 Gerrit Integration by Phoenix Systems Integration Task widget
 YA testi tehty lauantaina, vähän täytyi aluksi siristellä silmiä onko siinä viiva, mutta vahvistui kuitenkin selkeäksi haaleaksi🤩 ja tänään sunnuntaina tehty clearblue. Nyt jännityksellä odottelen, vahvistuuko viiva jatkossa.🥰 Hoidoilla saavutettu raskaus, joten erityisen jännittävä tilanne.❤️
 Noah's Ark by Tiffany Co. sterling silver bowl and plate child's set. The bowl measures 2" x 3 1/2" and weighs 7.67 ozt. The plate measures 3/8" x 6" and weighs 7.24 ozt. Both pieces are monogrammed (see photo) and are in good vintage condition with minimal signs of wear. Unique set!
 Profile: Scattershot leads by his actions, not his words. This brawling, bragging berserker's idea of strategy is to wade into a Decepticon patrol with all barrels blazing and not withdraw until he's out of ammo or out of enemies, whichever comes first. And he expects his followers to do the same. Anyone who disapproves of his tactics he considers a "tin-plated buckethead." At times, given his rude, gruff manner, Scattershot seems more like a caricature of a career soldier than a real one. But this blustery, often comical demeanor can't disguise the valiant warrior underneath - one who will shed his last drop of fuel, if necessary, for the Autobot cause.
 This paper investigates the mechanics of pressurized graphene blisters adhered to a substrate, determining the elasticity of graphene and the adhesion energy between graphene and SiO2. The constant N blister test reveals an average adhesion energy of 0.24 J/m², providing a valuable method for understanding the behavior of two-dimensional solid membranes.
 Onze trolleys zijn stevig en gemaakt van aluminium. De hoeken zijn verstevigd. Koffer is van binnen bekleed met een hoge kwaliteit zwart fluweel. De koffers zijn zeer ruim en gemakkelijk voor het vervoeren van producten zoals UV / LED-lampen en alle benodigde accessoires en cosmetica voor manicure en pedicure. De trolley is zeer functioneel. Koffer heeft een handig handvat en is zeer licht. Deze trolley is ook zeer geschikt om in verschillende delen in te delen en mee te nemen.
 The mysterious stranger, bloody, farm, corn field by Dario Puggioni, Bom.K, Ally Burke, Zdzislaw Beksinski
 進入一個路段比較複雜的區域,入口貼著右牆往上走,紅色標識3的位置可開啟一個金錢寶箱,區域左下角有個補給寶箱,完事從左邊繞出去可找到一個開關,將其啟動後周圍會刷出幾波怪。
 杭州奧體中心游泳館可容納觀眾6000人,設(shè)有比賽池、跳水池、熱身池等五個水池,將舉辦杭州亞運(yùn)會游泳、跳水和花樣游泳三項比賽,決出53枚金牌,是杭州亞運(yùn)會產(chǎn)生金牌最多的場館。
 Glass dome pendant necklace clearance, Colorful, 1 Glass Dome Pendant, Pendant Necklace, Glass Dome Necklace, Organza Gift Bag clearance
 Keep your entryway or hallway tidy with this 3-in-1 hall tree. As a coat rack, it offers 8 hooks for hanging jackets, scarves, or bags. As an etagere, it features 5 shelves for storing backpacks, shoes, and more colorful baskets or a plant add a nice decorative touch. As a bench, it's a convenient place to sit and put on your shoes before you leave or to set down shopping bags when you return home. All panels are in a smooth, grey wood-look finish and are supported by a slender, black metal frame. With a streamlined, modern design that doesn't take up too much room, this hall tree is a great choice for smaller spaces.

• • • •

### Work to be completed
The full set of lines above should be retyped without a single change.

### Exercise output
 Gerrit Integration by Phoenix Systems Integration Task widget
 YA testi tehty lauantaina, vähän täytyi aluksi siristellä silmiä onko siinä viiva, mutta vahvistui kuitenkin selkeäksi haaleaksi🤩 ja tänään sunnuntaina tehty clearblue. Nyt jännityksellä odottelen, vahvistuuko viiva jatkossa.🥰 Hoidoilla saavutettu raskaus, joten erityisen jännittävä tilanne.❤️
 Noah's Ark by Tiffany Co. sterling silver bowl and plate child's set. The bowl measures 2" x 3 1/2" and weighs 7.67 ozt. The plate measures 3/8" x 6" and weighs 7.24 ozt. Both pieces are monogrammed (see photo) and are in good vintage condition with minimal signs of wear. Unique set!
 Profile: Scattershot leads by his actions, not his words. This brawling, bragging berserker's idea of strategy is to wade into a Decepticon patrol with all barrels blazing and not withdraw until he's out of ammo or out of enemies, whichever comes first. And he expects his followers to do the same. Anyone who disapproves of his tactics he considers a "tin-plated buckethead." At times, given his rude, gruff manner, Scattershot seems more like a caricature of a career soldier than a real one. But this blustery, often comical demeanor can't disguise the valiant warrior underneath - one who will shed his last drop of fuel, if necessary, for the Autobot cause.
 This paper investigates the mechanics of pressurized graphene blisters adhered to a substrate, determining the elasticity of graphene and the adhesion energy between graphene and SiO2. The constant N blister test reveals an average adhesion energy of 0.24 J/m², providing a valuable method for understanding the behavior of two-dimensional solid membranes.
 Onze trolleys zijn stevig en gemaakt van aluminium. De hoeken zijn verstevigd. Koffer is van binnen bekleed met een hoge kwaliteit zwart fluweel. De koffers zijn zeer ruim en gemakkelijk voor het vervoeren van producten zoals UV / LED-lampen en alle benodigde accessoires en cosmetica voor manicure en pedicure. De trolley is zeer functioneel. Koffer heeft een handig handvat en is zeer licht. Deze trolley is ook zeer geschikt om in verschillende delen in te delen en mee te nemen.
 The mysterious stranger, bloody, farm, corn field by Dario Puggioni, Bom.K, Ally Burke, Zdzislaw Beksinski
 進入一個路段比較複雜的區域,入口貼著右牆往上走,紅色標識3的位置可開啟一個金錢寶箱,區域左下角有個補給寶箱,完事從左邊繞出去可找到一個開關,將其啟動後周圍會刷出幾波怪。
 杭州奧體中心游泳館可容納觀眾6000人,設(shè)有比賽池、跳水池、熱身池等五個水池,將舉辦杭州亞運(yùn)會游泳、跳水和花樣游泳三項比賽,決出53枚金牌,是杭州亞運(yùn)會產(chǎn)生金牌最多的場館。
 Glass dome pendant necklace clearance, Colorful, 1 Glass Dome Pendant, Pendant Necklace, Glass Dome Necklace, Organza Gift Bag clearance
 Keep your entryway or hallway tidy with this 3-in-1 hall tree. As a coat rack, it offers 8 hooks for hanging jackets, scarves, or bags. As an etagere, it features 5 shelves for storing backpacks, shoes, and more colorful baskets or a plant add a nice decorative touch. As a bench, it's a convenient place to sit and put on your shoes before you leave or to set down shopping bags when you return home. All panels are in a smooth, grey wood-look finish and are supported by a slender, black metal frame. With a streamlined, modern design that doesn't take up too much room, this hall tree is a great choice for smaller spaces.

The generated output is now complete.